The phone bells again. The dark face of Rousseau Red Hawk appears. His nose is as the eagle's, and his eyes are broken black glass. His broad forehead is bound with a strip of red cloth, which circles the straight black hair that glides down to his shoulders. His shirt is buckskin; a necklace of beads hangs from his neck. He looks like a Plains Indian, although Sitting Bull, Crazy Horse, or the noblest Roman Nose of them all would have kicked him out of the tribe. Not that they were anti-Semitic, they just could not have respected a brave who broke out into hives when near a horse.

Born Julius Applebaum, he legally became Rousseau Red Hawk on his Naming Day. Just returned from the forest reprimevalized, he is now reveling in the accursed fleshpots of a decadent civilization.

"How're you, Chib? The gang's wondering how soon you'll get here?"

"Join you? I haven't had breakfast yet, and I've a thousand things to do to get ready for the showing. I'll see you at noon!"

"You missed out on the fun last night. Some goddam Egyptians tried to feel the girls up, but we salaamed them against the walls."

Rousseau vanished like the last of the red men.

Chib thinks of breakfast just as the intercom whistles. Open O sesame! He sees the living room. Smoke, too thick and furious for the air-conditioning to whisk away, roils. At the far end of the ovoid, his little half-brother and half-sister sleep on a flato. Playing Mama-and-friend, they fell asleep, their mouths open in blessed innocence, beautiful as only sleeping children can be. Opposite the closed eyes of each is an unwinking eye like that of a Mongolian Cyclops.

"Ain't they cute?" Mama says. "The darlings were just too tired to toddle off."

The table is round. The aged knights and ladies are gathered around it for the latest quest of the ace, king, queen, and jack. They are armored only in layer upon layer of fat. Mama's jowls hang down like banners on a windless day. Her breasts creep and quiver on the table, bulge, and ripple.

"A gam of gamblers," he says aloud, looking at the fat faces, the tremendous tits, the rampant rumps. They raise their eyebrows. What the hell's the mad genius talking about now?

"Is your kid really retarded?" says one of Mama's friends, and they laugh and drink some more beer. Angela Ninon, not wanting to miss out on this deal and figuring Mama will soon turn on the sprayers anyway, pisses down her leg. They laugh at this, and William Conqueror says, "I open."

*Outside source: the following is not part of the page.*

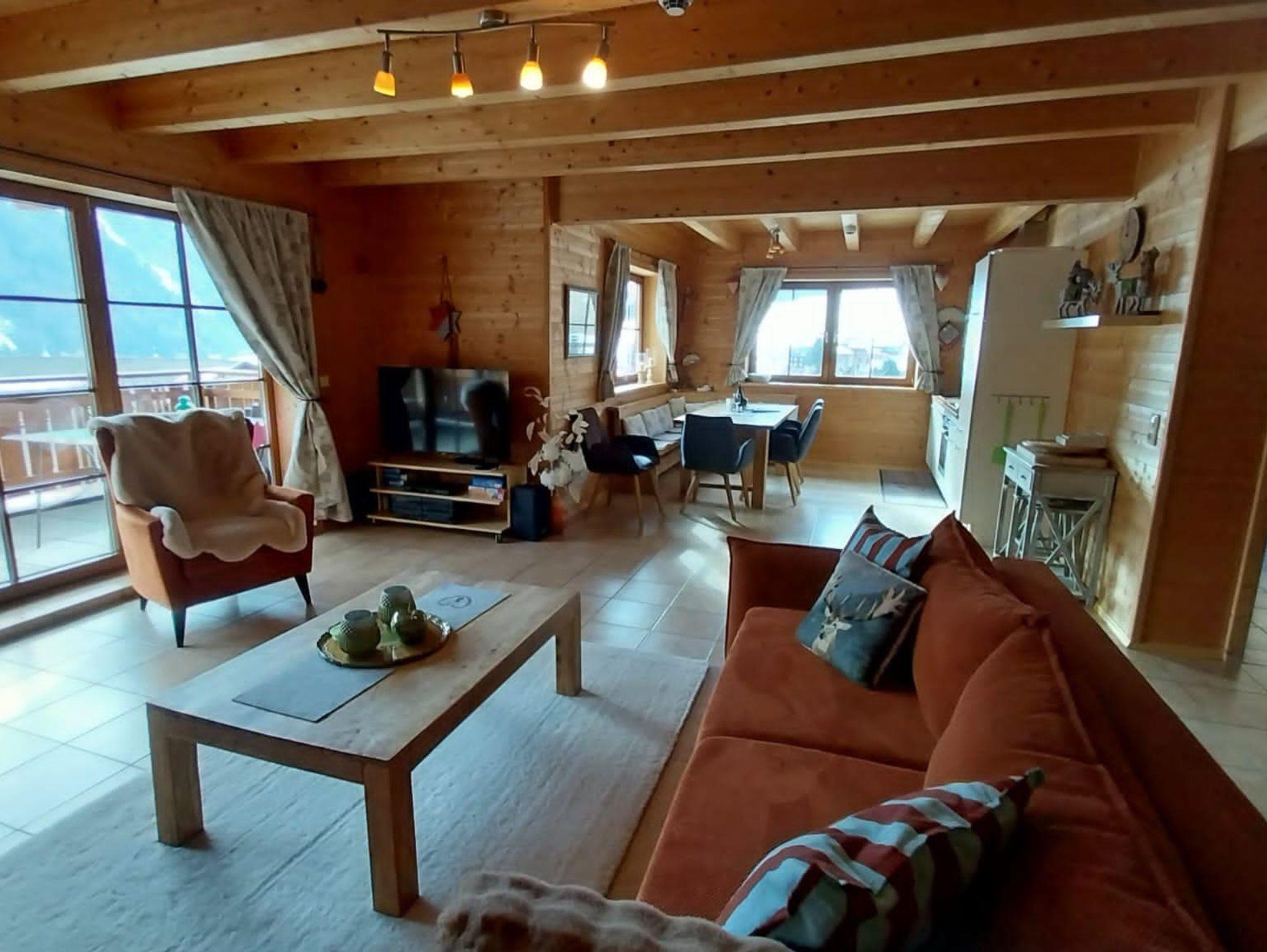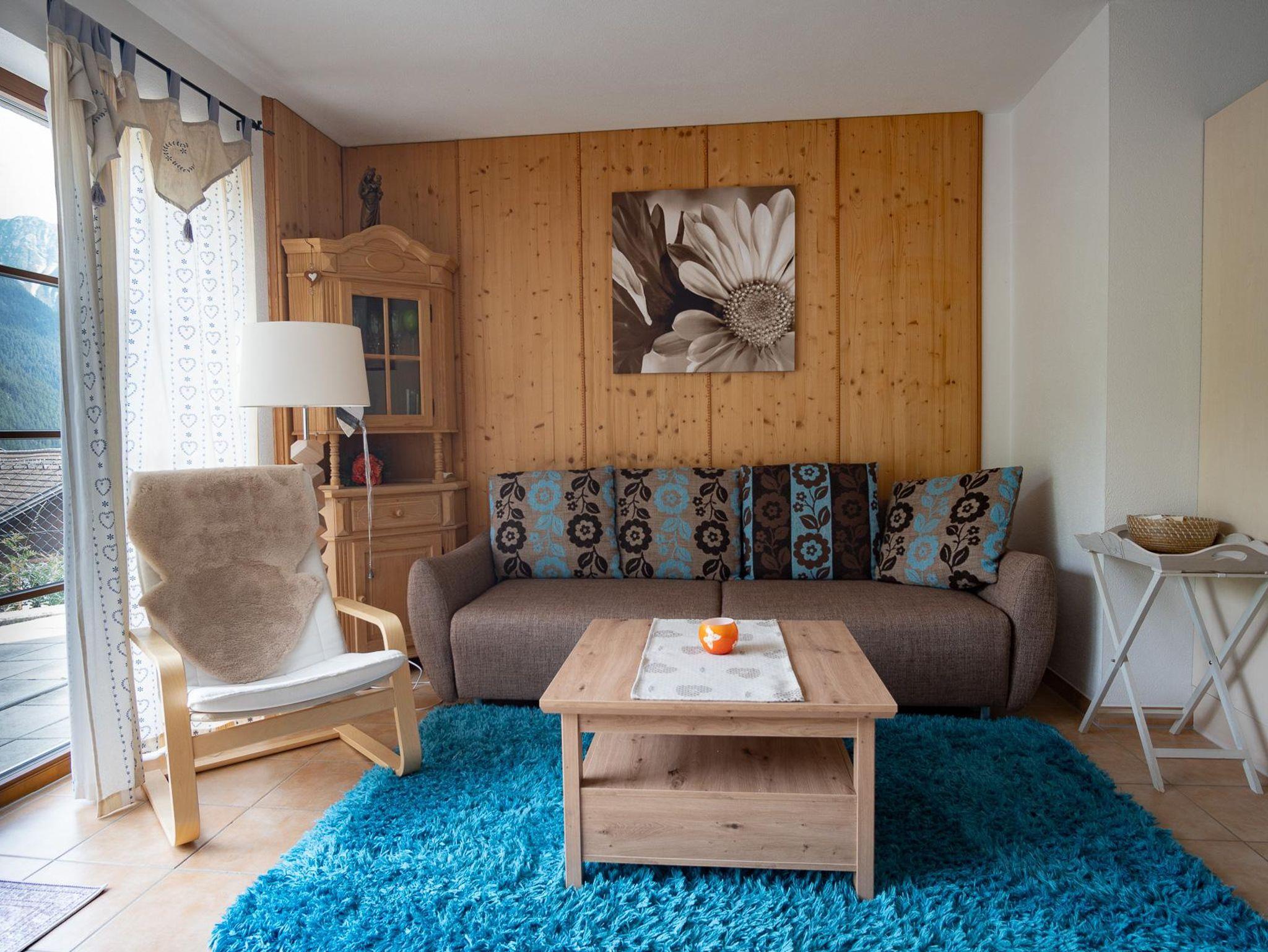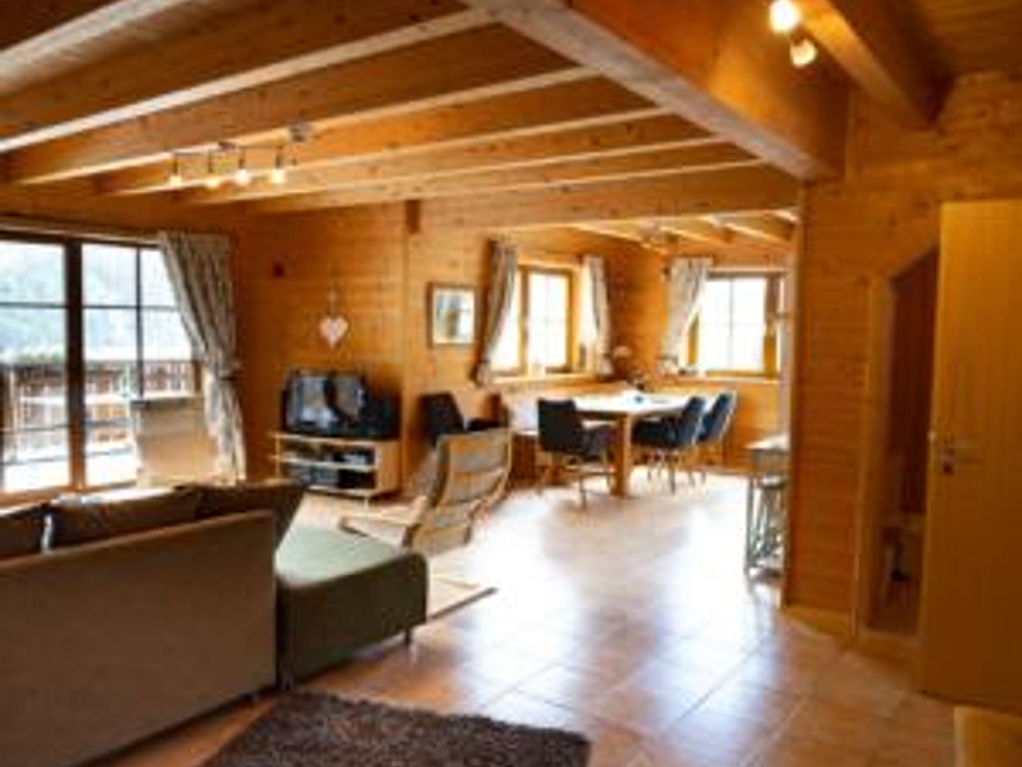 In gemütlicher Holzhausatmosphäre, geräumige Wohnung (95 m²), mit großzügigem Wohnraum, Balkon mit Blick ins Tal.

"I'm always open," Mama says, and they shriek with laughter.

Chib would like to cry. He does not cry, although he has been encouraged from childhood to cry any time he feels like it.

--It makes you feel better and look at the Vikings, what men they were and they cried like babies whenever they felt like it

--Courtesy of Channel 202 on the popular program _What's A Mother Done?_

He does not cry because he feels like a man who thinks about the mother he loved and who is dead but who died a long time ago. His mother has been long buried under a landslide of flesh. When he was sixteen, he had had a lovely mother.

Then she cut him off.

THE FAMILY THAT BLOWS IS THE FAMILY THAT GROWS

--from a poem by Edgar A. Grist, via Channel 88.

"Son, I don't get much out of this. I just do it because I love you."

Then, fat, fat, fat! Where did she go? Down into the adipose abyss. Disappearing as she grew larger.

"Sonny, you could at least wrestle with me a little now and then."

"You cut me off, Mama. That was all right. I'm a big boy now. But you haven't any right to expect me to want to take it up again."